● WHAT YOU NEED TO DO: Your answer should repeat every line of the records below in which the word "Portland" appears.

● DATA FOR ANALYSIS:
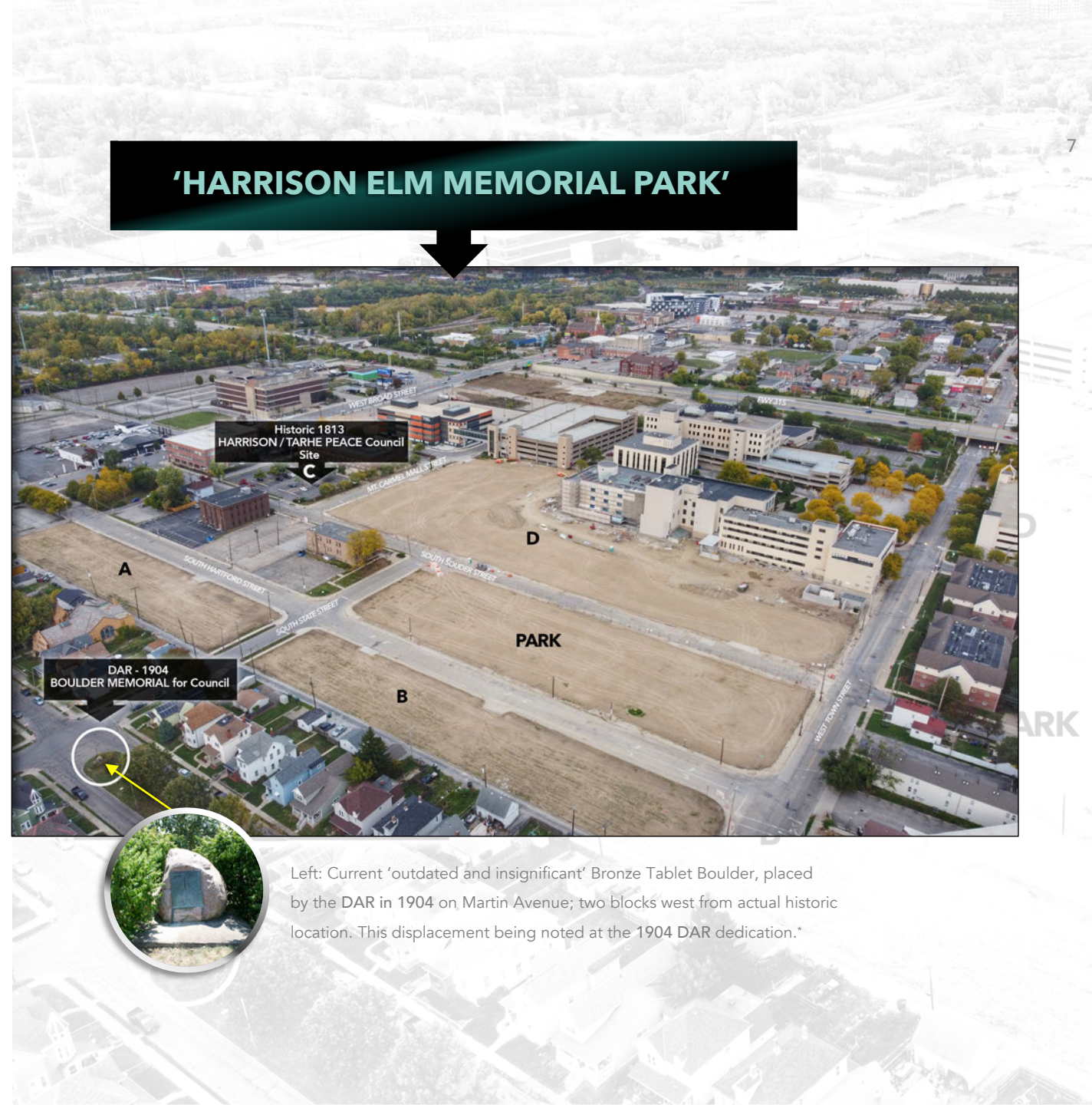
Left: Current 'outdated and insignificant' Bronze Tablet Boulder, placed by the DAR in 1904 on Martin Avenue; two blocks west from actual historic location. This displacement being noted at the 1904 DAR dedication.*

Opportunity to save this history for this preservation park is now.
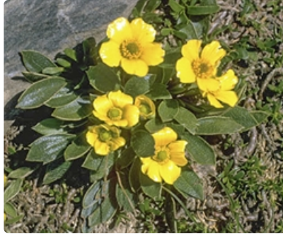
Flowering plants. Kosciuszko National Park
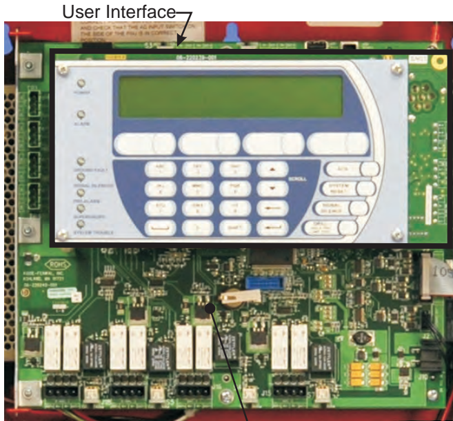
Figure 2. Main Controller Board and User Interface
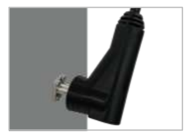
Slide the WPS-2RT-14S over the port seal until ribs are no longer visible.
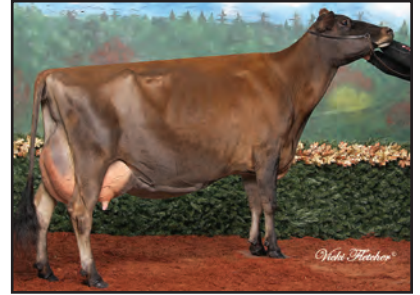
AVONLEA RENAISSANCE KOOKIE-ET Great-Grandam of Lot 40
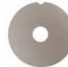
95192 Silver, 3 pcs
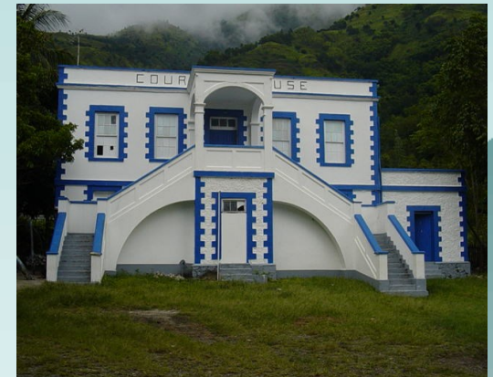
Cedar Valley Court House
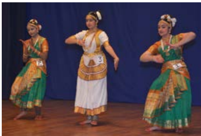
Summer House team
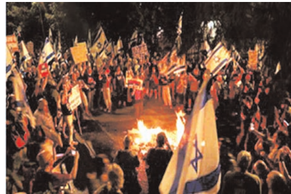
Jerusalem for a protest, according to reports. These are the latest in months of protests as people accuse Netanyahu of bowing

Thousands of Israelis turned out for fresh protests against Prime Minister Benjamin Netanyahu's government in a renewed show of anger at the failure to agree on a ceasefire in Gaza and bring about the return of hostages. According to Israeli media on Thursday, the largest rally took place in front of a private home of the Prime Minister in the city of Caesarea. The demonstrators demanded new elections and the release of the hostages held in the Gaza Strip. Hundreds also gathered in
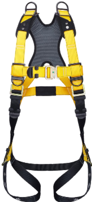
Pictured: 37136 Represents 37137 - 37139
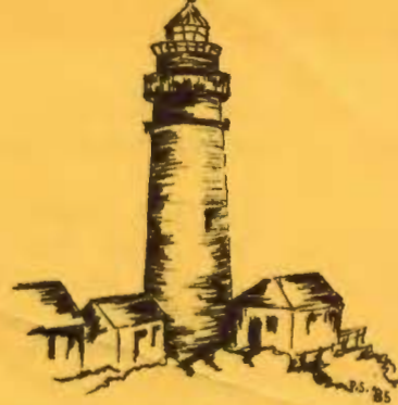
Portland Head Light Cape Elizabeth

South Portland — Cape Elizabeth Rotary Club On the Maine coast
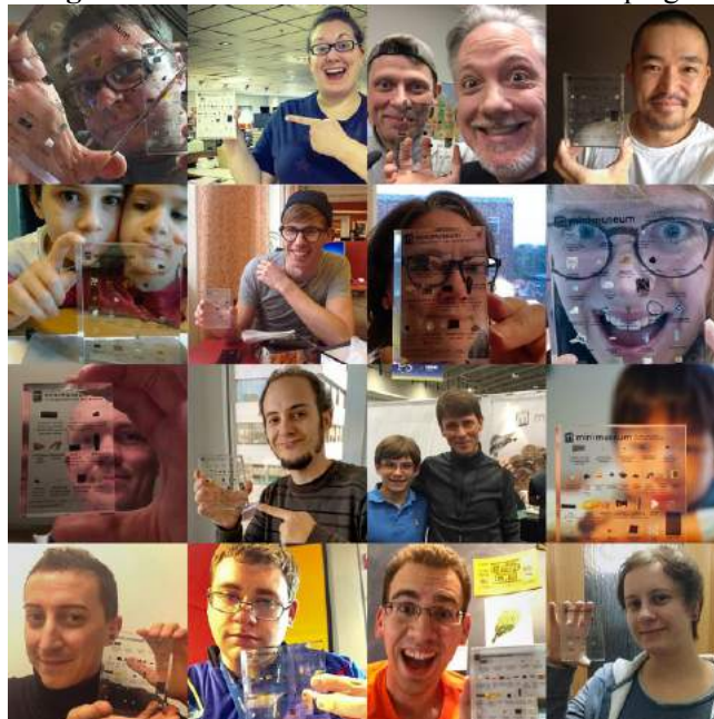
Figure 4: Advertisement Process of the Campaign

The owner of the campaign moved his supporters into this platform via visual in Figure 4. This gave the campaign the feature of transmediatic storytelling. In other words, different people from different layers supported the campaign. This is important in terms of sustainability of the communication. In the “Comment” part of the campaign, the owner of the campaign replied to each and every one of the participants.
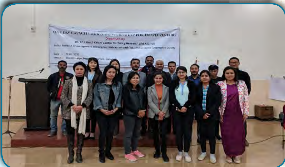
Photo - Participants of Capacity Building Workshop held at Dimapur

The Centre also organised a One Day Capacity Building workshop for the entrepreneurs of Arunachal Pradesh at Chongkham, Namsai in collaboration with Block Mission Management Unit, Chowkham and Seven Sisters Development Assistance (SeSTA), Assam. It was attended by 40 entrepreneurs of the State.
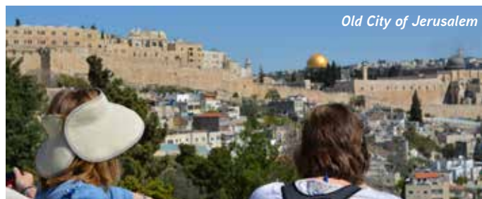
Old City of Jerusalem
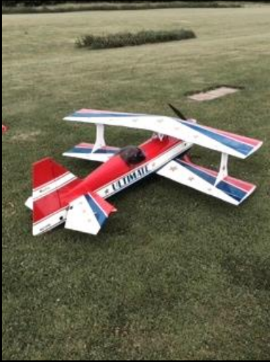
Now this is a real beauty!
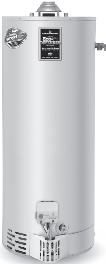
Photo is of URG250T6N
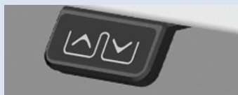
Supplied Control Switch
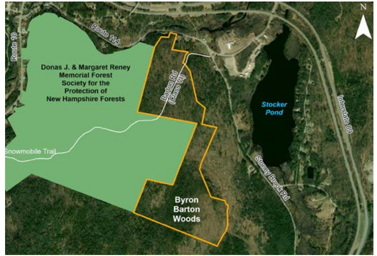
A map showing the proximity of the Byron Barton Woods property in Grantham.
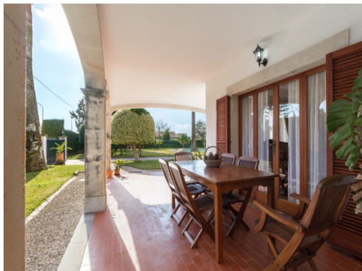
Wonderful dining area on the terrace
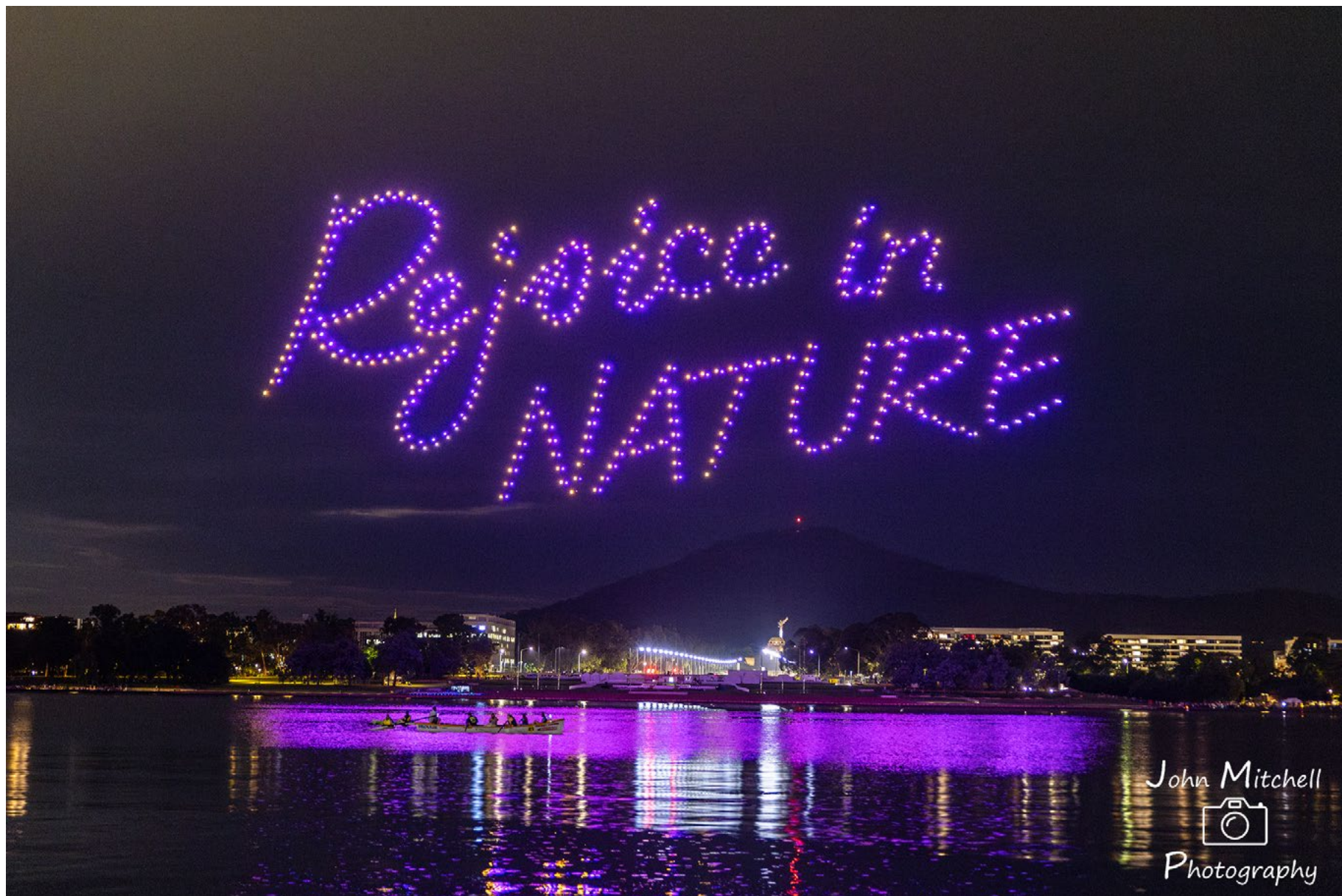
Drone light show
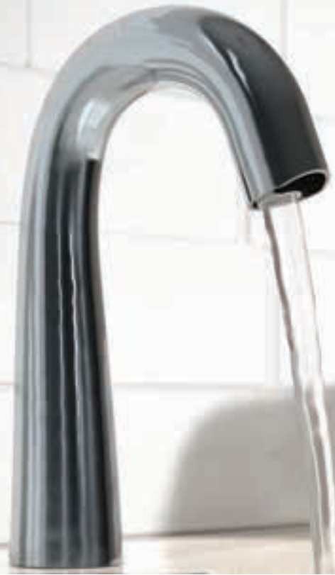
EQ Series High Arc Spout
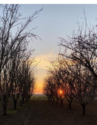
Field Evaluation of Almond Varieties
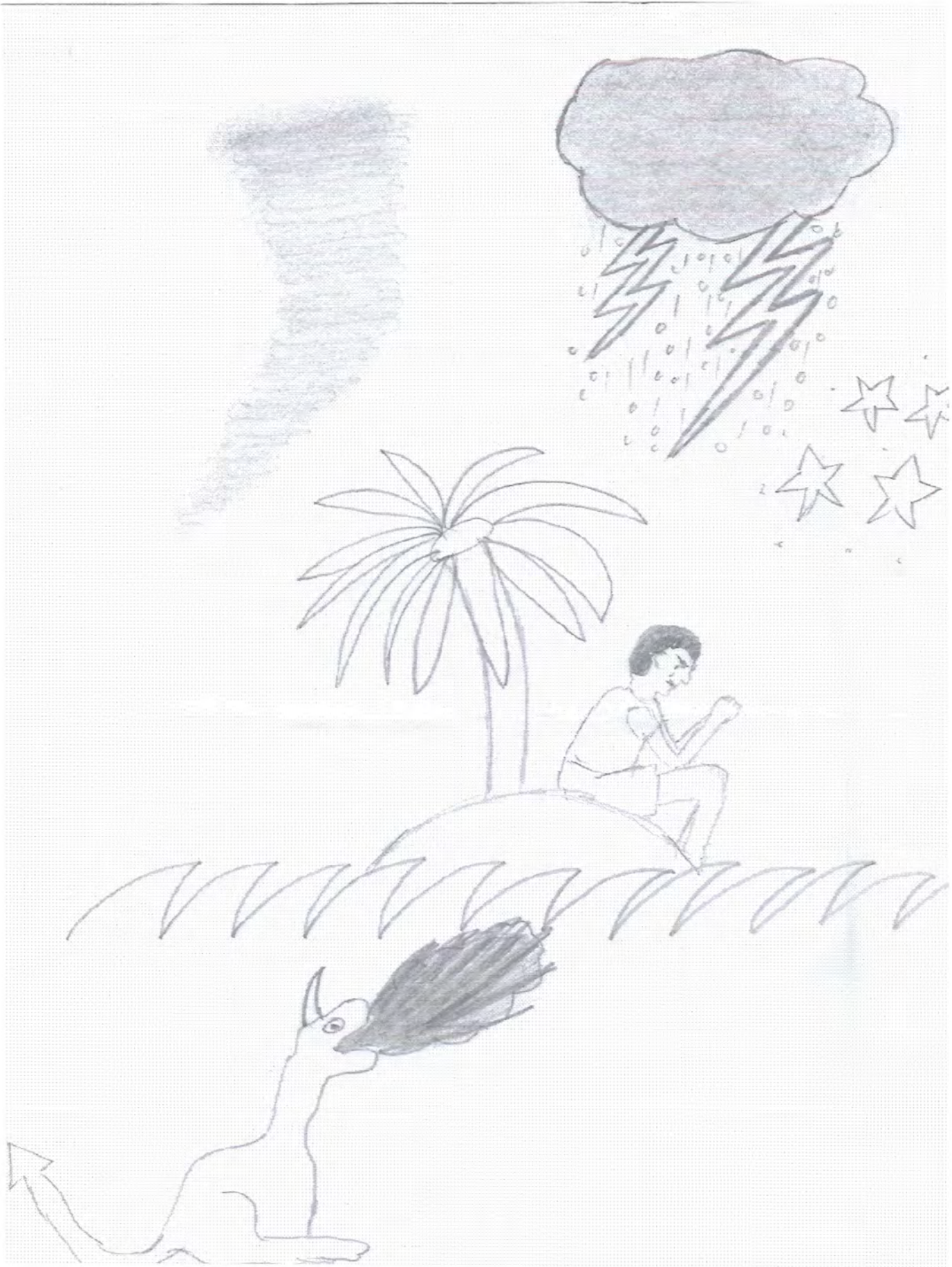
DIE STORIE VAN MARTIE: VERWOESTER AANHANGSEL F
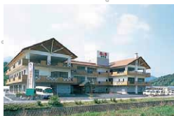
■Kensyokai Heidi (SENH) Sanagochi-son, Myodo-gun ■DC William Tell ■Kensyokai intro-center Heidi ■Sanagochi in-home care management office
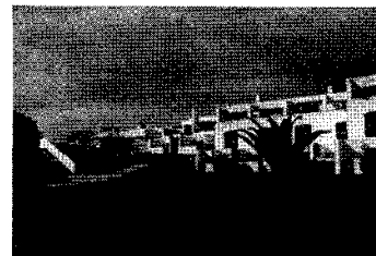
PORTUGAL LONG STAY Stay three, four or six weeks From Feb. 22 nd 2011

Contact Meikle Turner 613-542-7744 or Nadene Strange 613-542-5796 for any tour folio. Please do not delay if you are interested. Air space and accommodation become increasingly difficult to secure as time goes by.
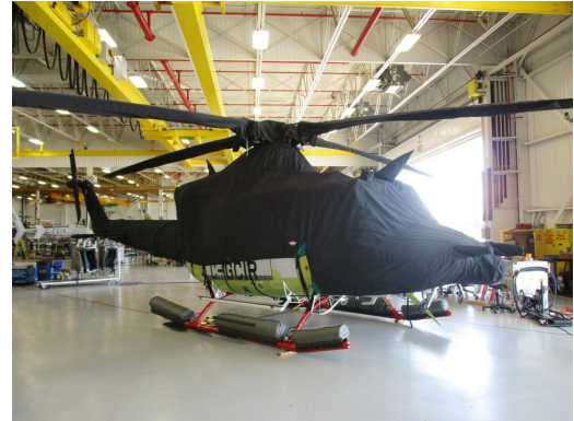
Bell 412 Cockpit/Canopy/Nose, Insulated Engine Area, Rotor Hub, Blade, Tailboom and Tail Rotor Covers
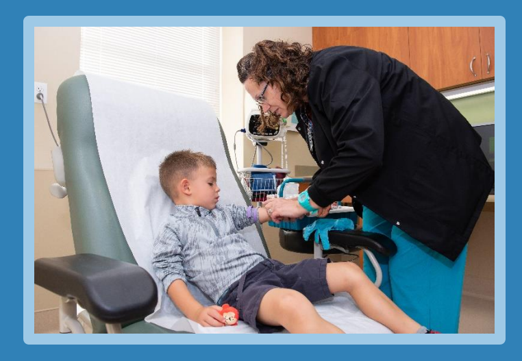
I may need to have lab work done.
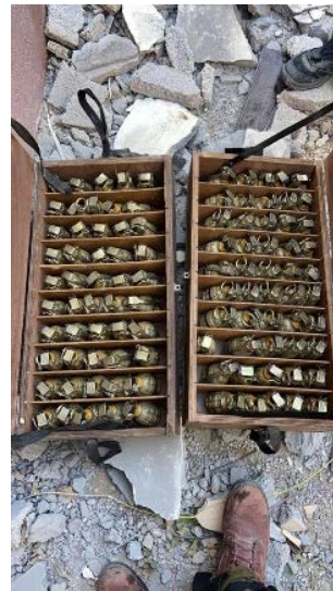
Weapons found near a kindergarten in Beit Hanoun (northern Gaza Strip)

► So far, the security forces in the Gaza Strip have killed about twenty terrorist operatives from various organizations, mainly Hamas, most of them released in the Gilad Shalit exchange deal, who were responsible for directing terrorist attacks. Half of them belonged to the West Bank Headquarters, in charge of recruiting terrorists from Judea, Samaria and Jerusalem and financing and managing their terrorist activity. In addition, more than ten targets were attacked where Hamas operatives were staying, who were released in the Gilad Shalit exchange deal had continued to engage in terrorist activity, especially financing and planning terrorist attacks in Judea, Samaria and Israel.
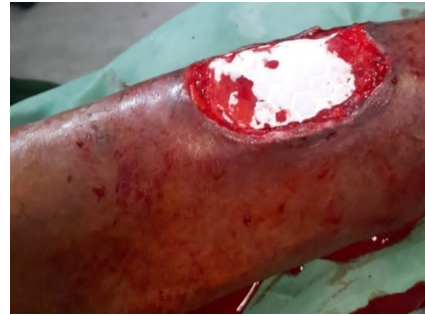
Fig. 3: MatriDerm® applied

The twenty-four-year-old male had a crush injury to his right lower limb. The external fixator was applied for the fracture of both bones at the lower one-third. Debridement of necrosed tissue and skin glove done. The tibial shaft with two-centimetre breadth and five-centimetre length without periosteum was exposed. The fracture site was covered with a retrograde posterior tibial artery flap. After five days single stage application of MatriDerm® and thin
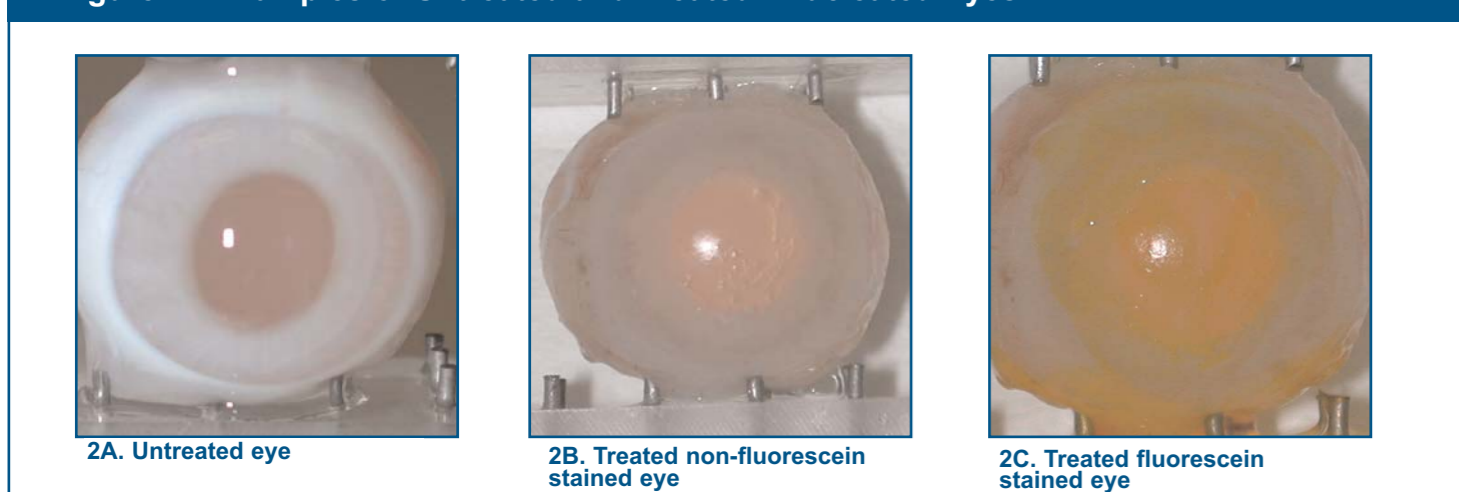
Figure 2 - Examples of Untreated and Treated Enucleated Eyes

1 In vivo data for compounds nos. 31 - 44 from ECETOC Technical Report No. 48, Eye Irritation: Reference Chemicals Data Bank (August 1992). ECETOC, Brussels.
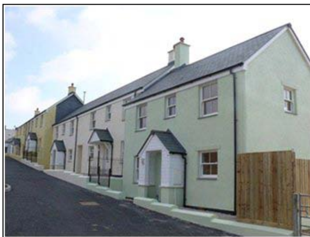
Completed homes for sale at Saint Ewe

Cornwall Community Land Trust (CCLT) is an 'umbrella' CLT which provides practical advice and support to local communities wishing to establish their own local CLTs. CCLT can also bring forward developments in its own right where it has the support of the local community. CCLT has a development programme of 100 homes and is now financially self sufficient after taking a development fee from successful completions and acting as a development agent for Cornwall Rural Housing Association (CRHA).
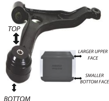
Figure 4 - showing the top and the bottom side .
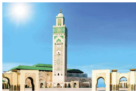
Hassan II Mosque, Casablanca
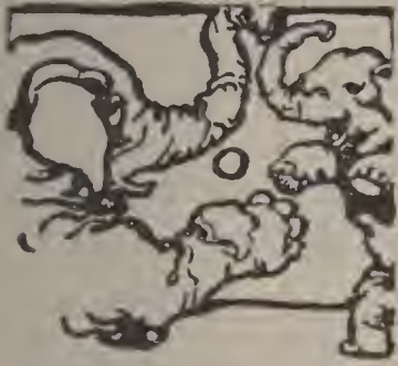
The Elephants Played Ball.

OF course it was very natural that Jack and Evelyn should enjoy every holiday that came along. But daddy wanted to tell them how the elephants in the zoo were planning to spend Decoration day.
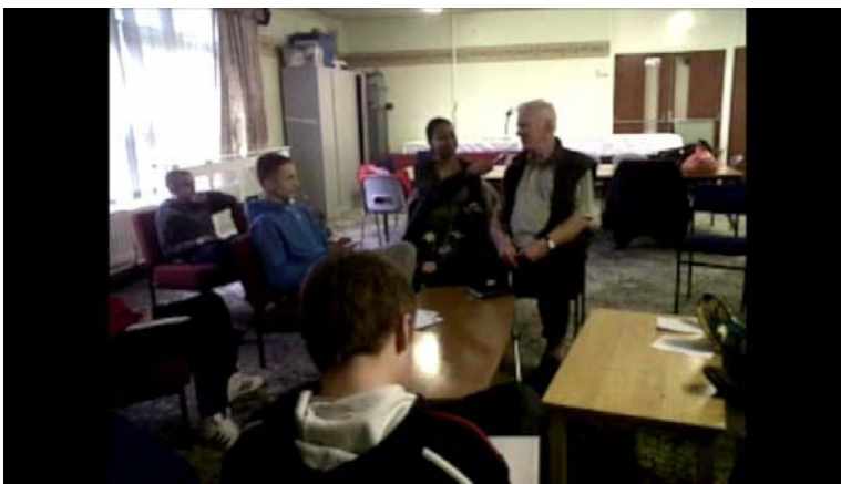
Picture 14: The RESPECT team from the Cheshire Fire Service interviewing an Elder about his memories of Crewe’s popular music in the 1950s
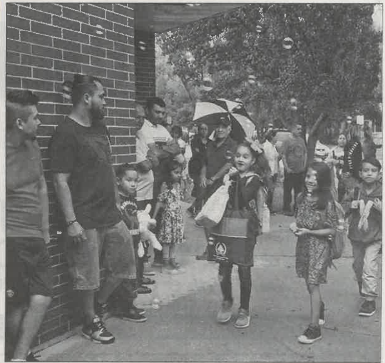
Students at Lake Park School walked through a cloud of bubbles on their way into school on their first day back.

● YOUR SOLUTION:
Portland Head Light Cape Elizabeth
South Portland — Cape Elizabeth Rotary Club On the Maine coast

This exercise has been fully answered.